Washington University-developed new breast cancer vaccine shows promise

Researchers at Washington University School of Medicine in St. Louis, US, have reported preliminary data from a small clinical trial of a new breast cancer vaccine.

 

Led by Washington University breast cancer surgeon and senior author Dr William Gillanders, the trial showed the vaccine to be safe in patients with metastatic breast cancer as well as helped slow cancer progression.

The new vaccine causes the body’s immune system to home in on a protein called mammaglobin-A, found almost in breast tissue.

Gillanders said: “Being able to target mammaglobin is exciting because it is expressed broadly in up to 80% of breast cancers, but not at meaningful levels in other tissues.
“The new vaccine causes the body’s immune system to home in on a protein called mammaglobin-A, found almost in breast tissue.”

“In theory, this means we could treat a large number of breast cancer patients with potentially fewer side effects.

“It’s also exciting to see this work progress from identifying the importance of mammaglobin-A, to designing a therapeutic agent, manufacturing it and giving it to patients, all by investigators at Washington University.”

The new vaccine primes a type of white blood cell, part of the body’s adaptive immune system, to seek out and destroy cells with the mammaglobin-A protein.

In the smaller proportion of breast cancer patients whose tumours do not produce mammaglobin-A, this vaccine would not be effective.

In the Phase I trial, 14 patients with metastatic breast cancer that expressed mammaglobin-A were vaccinated.

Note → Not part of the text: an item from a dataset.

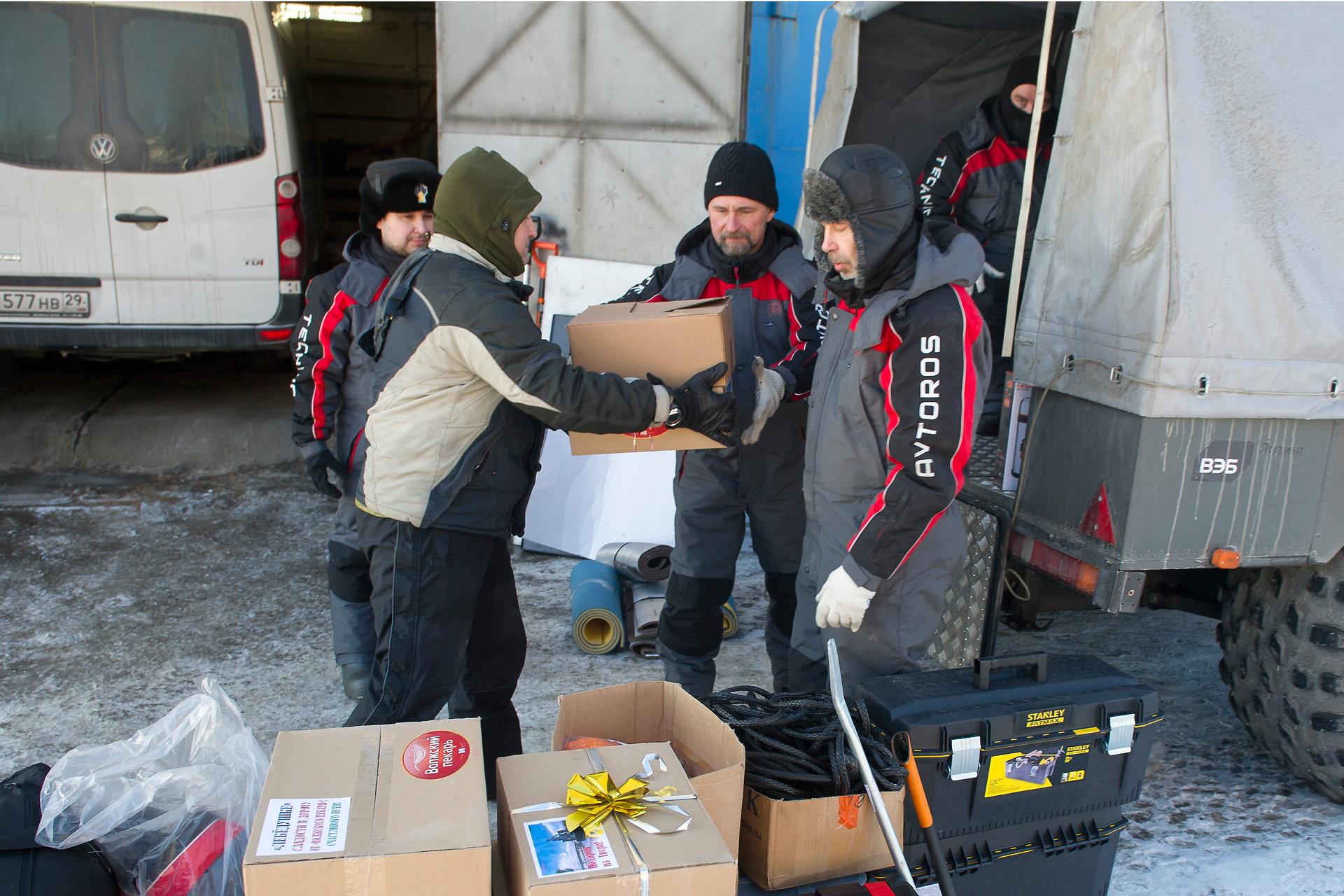 The expedition team came back home. We returned back through Arkhangelsk. Estimated arrival date was March 28th. The red SHAMAN returned to Tver on its own wheels. Evgeny Pavlov sent his 6x6 quad bike back with a transport company in Ukhta.

Gillanders said: “Despite the weakened immune systems in these patients, we did observe a biologic response to the vaccine while analysing immune cells in their blood samples.

“We also saw preliminary evidence of improved outcome, with modestly longer progression-free survival.”

Based on these results, Gillanders and his team are planning a larger clinical trial to test the vaccine in newly diagnosed breast cancer patients, who, in theory, should have more robust immune systems than patients who already have undergone extensive cancer therapy.